Further analysis using 'smarter' word clouds

The final thing we will do is to generate word clouds to see which words are indicative of each sentiment. The code below is from this notebook, which contains a more detailed explanation of the methodology used to generate 'smarter' word clouds. Please go and upvote the original notebook if you find this part useful!

!pip install -q wordninja
!pip install -q pyspellchecker
from wordcloud import WordCloud, ImageColorGenerator
import wordninja
from spellchecker import SpellChecker
from collections import Counter
import matplotlib.pyplot as plt
import re
import math
import random
import nltk
nltk.download('wordnet')
nltk.download('stopwords')
from nltk.stem import WordNetLemmatizer
from nltk.corpus import stopwords 
stop_words = set(stopwords.words('english'))  
stop_words.add("amp")
[nltk_data] Downloading package wordnet to /root/nltk_data...
[nltk_data]   Package wordnet is already up-to-date!
[nltk_data] Downloading package stopwords to /root/nltk_data...
[nltk_data]   Package stopwords is already up-to-date!

# FUNCTIONS REQUIRED
def flatten_list(l):
    return [x for y in l for x in y]

def is_acceptable(word: str):
    return word not in stop_words and len(word) > 2

# Color coding our wordclouds 
def red_color_func(word, font_size, position, orientation, random_state=None,**kwargs):
    return f"hsl(0, 100%, {random.randint(25, 75)}%)" 

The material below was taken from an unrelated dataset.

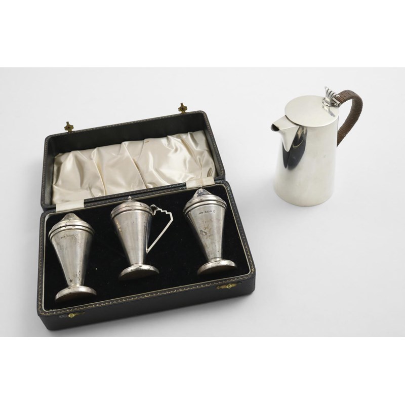 by A.L. Davenport, Birmingham 1934, in a fitted case and a late Victorian tapering hot milk jug with an insulated handle, by J.T. Heath and J.H. Middleton, London 1886; the latter 5" (12.5 cms) high; 6.8 oz weighable silver (2)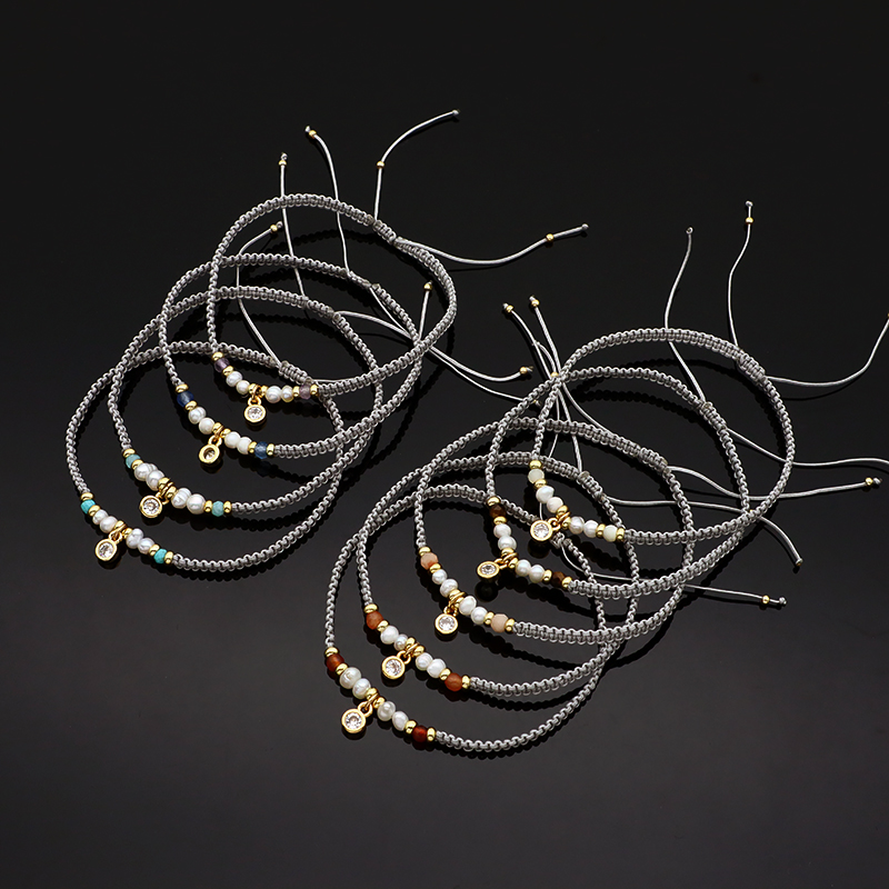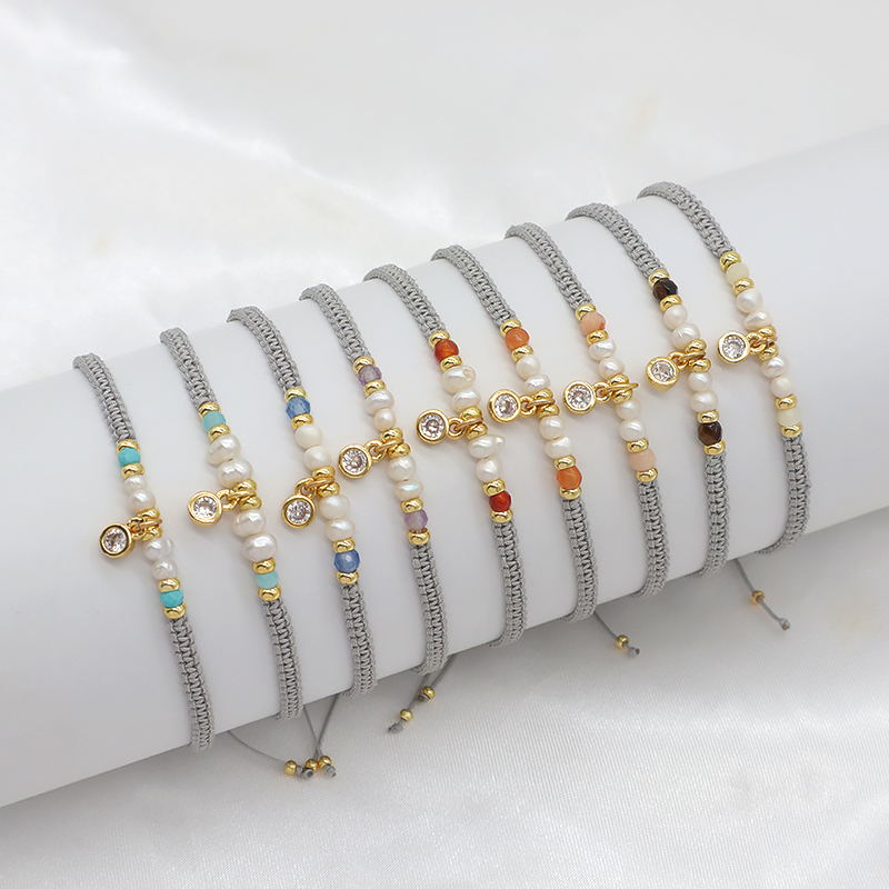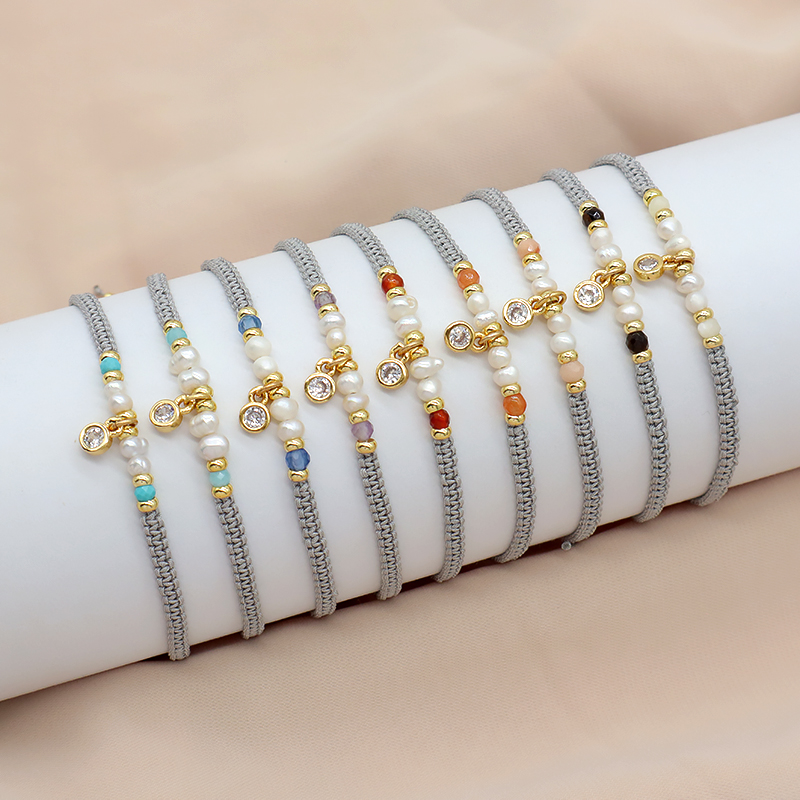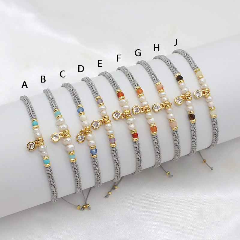 Material : fresh water pearl+ Natural Stone +brass or Silver beads with CZ Charm bracelet

def green_color_func(word, font_size, position, orientation, random_state=None,**kwargs):
    return f"hsl({random.randint(90, 150)}, 100%, 30%)" 

def yellow_color_func(word, font_size, position, orientation, random_state=None,**kwargs):
    return f"hsl(42, 100%, {random.randint(25, 50)}%)" 

# Reusable function to generate word clouds 
def generate_word_clouds(neg_doc, neu_doc, pos_doc):
    # Display the generated image:
    fig, axes = plt.subplots(1,3, figsize=(20,10))
    
    wordcloud_neg = WordCloud(max_font_size=50, max_words=100, background_color="white").generate(" ".join(neg_doc))
    axes[0].imshow(wordcloud_neg.recolor(color_func=red_color_func, random_state=3), interpolation='bilinear')
    axes[0].set_title("Negative Words")
    axes[0].axis("off")

    wordcloud_neu = WordCloud(max_font_size=50, max_words=100, background_color="white").generate(" ".join(neu_doc))
    axes[1].imshow(wordcloud_neu.recolor(color_func=yellow_color_func, random_state=3), interpolation='bilinear')
    axes[1].set_title("Neutral Words")
    axes[1].axis("off")

    wordcloud_pos = WordCloud(max_font_size=50, max_words=100, background_color="white").generate(" ".join(pos_doc))
    axes[2].imshow(wordcloud_pos.recolor(color_func=green_color_func, random_state=3), interpolation='bilinear')
    axes[2].set_title("Positive Words")
    axes[2].axis("off")

    plt.tight_layout()
    plt.show();

def get_top_percent_words(doc, percent):
    # Returns a list of "top-n" most frequent words in a list 
    top_n = int(percent * len(set(doc)))
    counter = Counter(doc).most_common(top_n)
    top_n_words = [x[0] for x in counter]
    
    return top_n_words
    
def clean_document(doc):
    spell = SpellChecker()
    lemmatizer = WordNetLemmatizer()
    
    # Lemmatize words (needed for calculating frequencies correctly )
    doc = [lemmatizer.lemmatize(x) for x in doc]
    
    # Get the top 10% of all words. This may include "misspelled" words 
    top_n_words = get_top_percent_words(doc, 0.1)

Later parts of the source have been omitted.